There are two versions of Azure Data Factory available.

Version 1

  • Time-series based

  • Schedules driven by dataset availability

  • Developed using Visual Studio

  • Good Cloud Data Integration Tool

Version 2

  • General purpose

  • Explicit and Tumbling-window scheduling

  • Awesome Cloud Data Integration Tool

If you are going to use or explore Azure Data Factory then we suggest you start with version two. Version 2 allows us to use Azure data factory in the same fashion as a tradition ELT tool. It can fulfill organizational Data Warehouse needs though drag and drop activities.

Azure QuickStart Templates

Azure QuickStart Templates allow you to deploy Azure resources, including Data Factory, via Azure Resource Manager. These are templates built by Microsoft and their community partners and will help you build your solution faster. You can visit Azure GitHub and find available templates.
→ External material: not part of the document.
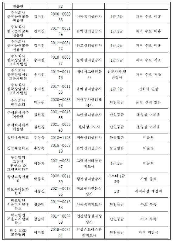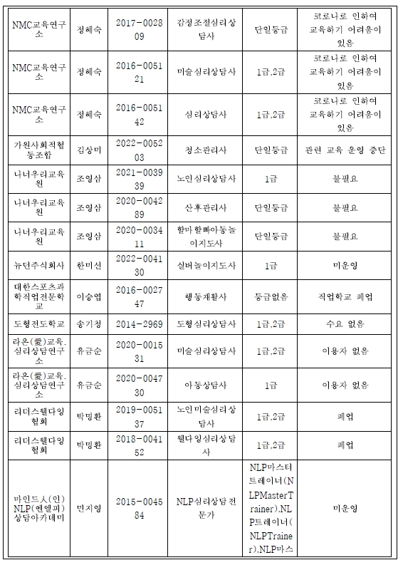 사회복지에 관심이 있는 일반 시민들이나 사회복지사 중에서도 취업이나 진로에 필요한 자격증 수요로 인해 복지분야 관련 많은 민간 자격증 취득을 고려하거나 시행한 경우가 많다. 그러나 사회복지 분야의 국가 자격증이 아닌 민간자격증은 현장에서 인정되지 않으며, 수많은 업체들에서는 민간자격을 만들었다 폐지하는 등 일반 시민들의 피해가 지속되고 있다. 이에 「자격기본법」제18조의3 제2항 및 제18조의4에 의거 등록폐지를 신고한 보건복지부 소관 민간자격에 대하여 같은 법 시행령 제23조의5 제2항 및 제3항의 규정에 따라 아래와 같이 공고된 사항을 게시합니다.

Here are some Data Factory templates available to you:

  • Copy data from Azure Blob Storage to Azure SQL Db with Stored

  • Copy data from Azure Blob Storage to Azure SQL

  • Two-Activity Chained Data Factory

  • Create a pipeline to transform data by running Hive

  • Azure Data Factory to copy data from Salesforce to Azure

  • Copy data from one folder to another folder in an Azure Blob

  • Copy data from on-premises SQL Server to Azure Blob

  • Provision Azure SSIS integration

  • Copy data from one folder to another folder in an Azure Blob Storage 

Creating Data Factory Pipeline

As you can see, there are plenty of applications for Data Factory. So lets see one!

We are going to go through an example of moving our data from Amazon S3 to an Azure Database using Azure Data Factory. This will demonstrate the power and convenience of Data Factory. The process we will go through is very common and we are hoping that it will help you in your next data migration.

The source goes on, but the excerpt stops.